Изумленная до крайности, Эжени отвела к себе домой едва волочившую ноги женщину, которая, не успев войти, рухнула на кровать и воскликнула:
«Ах, девочка моя, спаси меня, спаси! Я вот-вот рожу!»
«Как, прямо здесь?» — попятилась Эжени.
«Или здесь, или где-нибудь в подворотне, ибо господин де Сувре выгнал меня на улицу, как только я призналась ему сегодня утром, что беременна».
«Беременна?»
«Ну да, а все его племянничек! Обманщик! Он должен был вернуться в Париж, но бросил меня!»
Прежде чем Эжени что-то сообразила, схватки настолько усилились, что госпожа Боден от боли прикусила край простыни.
Эжени забегала по комнате, причитая:
«Что делать? Боже, Боже мой, ну что же делать?»
«Во-первых, замолчи, — с удивительным спокойствием проговорила госпожа Боден, — иначе ты меня погубишь. Мне хватит мужества не кричать, хотя боль просто адская. А во-вторых, сбегай за акушером, он в курсе дела».
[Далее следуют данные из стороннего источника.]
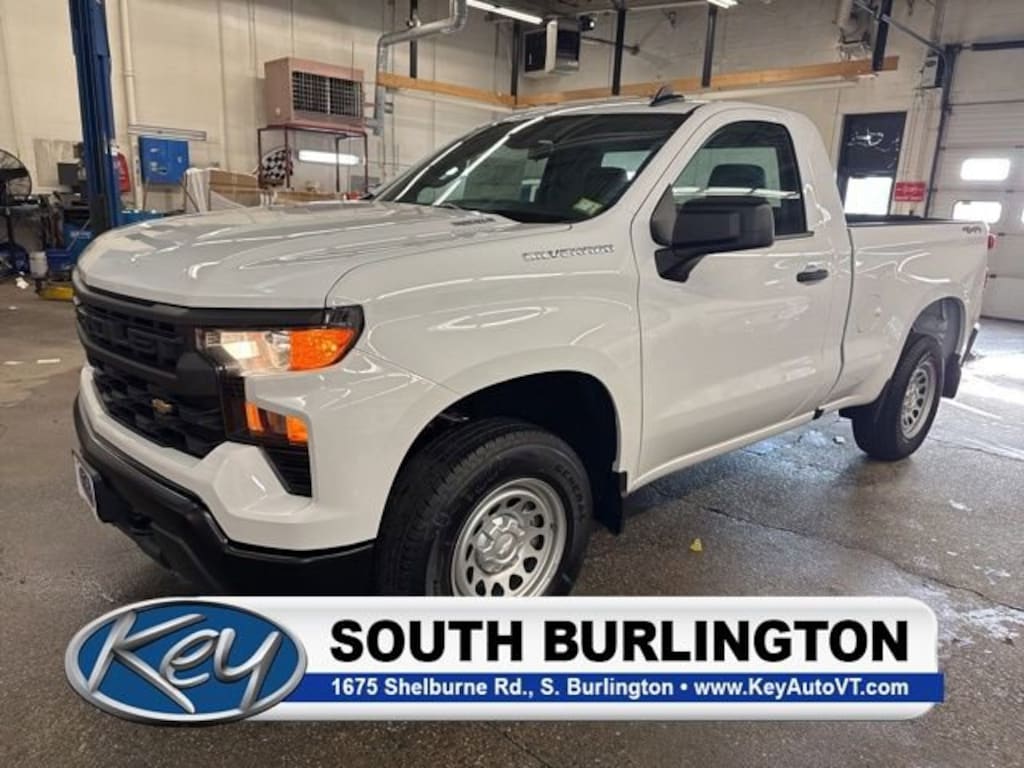 Key Chevrolet Burlington is proud to present you with another True Market Priced Vehicle. This 2026 Chevrolet Silverado 1500 WT is loaded with the following Factory Options: 8-Speed Automatic, 4WD, and Jet Black Vinyl Preferred Equipment Group 1WT (3.5 Monochromatic Display Driver Info Center, 4-Way Manual Driver Seat Adjuster, 40/20/40 Front Split Bench Seat, Black (Semi-Gloss) Front Bumper, Black (Semi-Gloss) Rear Bumper, Bluetooth® For Phone, Electronic Cruise Control, Front Frame-Mounted Black Recovery Hooks, HD Rear Vision Camera, Heated Power-Adjustable Outside Mirrors, Inside Rearview Mirror with Tilt, Locking Tailgate, Manual Tailgate Function with No EZ Lift, Manual Tilt Wheel Steering Column, OnStar Services Capable, Power Front Windows with Driver Express Up/Down, Power Front Windows with Passenger Express Down, Remote Keyless Entry, Rubberized-Vinyl Floor Covering, SiriusXM Delete, Solar Absorbing Tinted Glass, Standard Tailgate, Teen Driver, Tire Pressure Monitoring System, Vinyl Seat Trim, Wheels: 17 x 8 Ultra Silver Painted Steel, and Wi-Fi Hot Spot Capable), Standard Suspension Package, 8-Speed Automatic, 4WD, Jet Black Vinyl, 2 Speakers, 2-Speaker Audio System, 220 Amp Alternator, 3.42 Rear Axle Ratio, 4-Wheel Disc Brakes, ABS brakes, Air Conditioning, AM/FM radio, Apple CarPlay/Android Auto, Auto High-beam Headlights, Automatic Emergency Braking, Brake assist, Compass, Delay-off headlights, Driver door bin, Dual front impact airbags, Dual front side impact airbags, Electronic Stability Control, Emergency communication system: OnStar, Following Distance Indicator, Forward Collision Alert, Front anti-roll bar, Front Center Armrest w/Storage, Front License Plate Kit, Front Pedestrian Braking, Front reading lights, Front wheel independent suspension, Fully automatic headlights, Heated door mirrors, Illuminated entry, IntelliBeam Automatic High Beam on/Off, Lane Keep Assist with Lane Departure Warning, Low tire pressure warning, Occupant sensing airbag, Outside temperature display, Overhead airbag, Overhead console, Panic alarm, Passenger door bin, Passenger vanity mirror, Power door mirrors, Power steering, Power windows, Premium audio system: Chevrolet Infotainment 3, Radio data system, Radio: Chevrolet Infotainment 3 System, Rear reading lights, Rear step bumper, Remote keyless entry, Speed control, Speed-sensing steering, Tachometer, Tilt steering wheel, Traction control, Trip computer, Variably intermittent wipers, and Voltmeter!!

Эжени, которой казалось, что перед ней просто умирающая и жестоко страдающая женщина, пулей слетала за врачом.
— Эх, господин, — Дьявол с отнюдь невеселой усмешкой взглянул на Луицци, — у ваших сестер и дочерей нет возможности получить столь жестокий урок, они не допускаются к подобным тайнам; жизнь для них — за непроницаемой завесой, которая может приподняться только в день свадьбы. Совсем другое дело — бедная девушка; она в любой момент может узнать все, и Эжени в одночасье лишилась счастливого девичьего неведения, помогая при родах, принимая незаконнорожденное дитя и скрывая позор едва знакомой женщины{270}.